AFP/File / JOEL SAGET
Damien Jalet draws inspiration from rituals and traditions around the world


"There's this idea that identity, the one that we normally read, disappears" when the dancer's face is obscured, he said.

"Other things emerge and the border between what is human, and what isn't, dissolves. I like asking the question of what it means that we define ourselves as human and at the same time there are so many things that aren't human in us," he added.

After collaborations with Florence and the Machine for the song "No Light, No Light", with filmmaker Luca Guadagnino for the horror-film "Suspiria", and with Radiohead's Thom Yorke and Paul Thomas Anderson for the Netflix short film "Anima", Jalet's cutting-edge work caught the eye of Madonna.

For the "Madame X" tour, the choreographer had the queen of pop sing her 1998 ballad "Frozen" behind a video screen of her eldest daughter Lourdes performing an interpretive dance.

"She's someone who has had enormous influence on the person I've become. 'Frozen' and the pas de deux with her daughter was a way of showing her as more vulnerable, from another angle," Jalet said.

- 'Dissolution of gender' -

Perception is everything for the man who was first a dancer before being an assistant to the legendary Belgian choreographer Sidi Larbi Cherkaoui.

"Without technology, without make-up, without costumes, only with the distortion of bodies and the way of choosing certain angles, we manage to create an elsewhere."

Gender boundaries are ripped apart in "Vessel", which Madonna herself saw in dress rehearsal on March 5.
A
FP / JOEL SAGETDamien Jalet had Madonna sing her 1998 ballad "Frozen" behind a video screen for the "Madame X" tour

Assigning a male or female identity to the dancers' folded bodies and bony rib cages is a near-on impossible task.

"The traditional pas de deux between men and women doesn't interest me at all.

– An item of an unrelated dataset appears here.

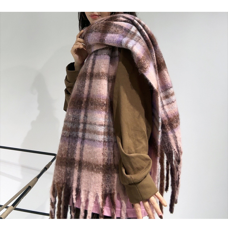 새로운 격자무늬 배색 스카프 여성용 가을 겨울 고급스러운 두꺼운 보온 목도리 패셔너블하고 다재다능한 프린지 숄 스카프

I like this idea of dissolution where gender is more associated with a state of mind," said Jalet.

For the artist, the journey is not only visual but also spiritual. He draws inspiration from rituals and traditions around the world.

Dancers defied gravity on an inclined platform in "Skid", performed in Paris at the Chaillot national theatre in 2017, mirroring a Japanese ritual "ombarisha" where men are attached to an inclined tree.

The artist will be back with Kohei Nawa at the Chaillot theatre in September with a new creation called "Planet".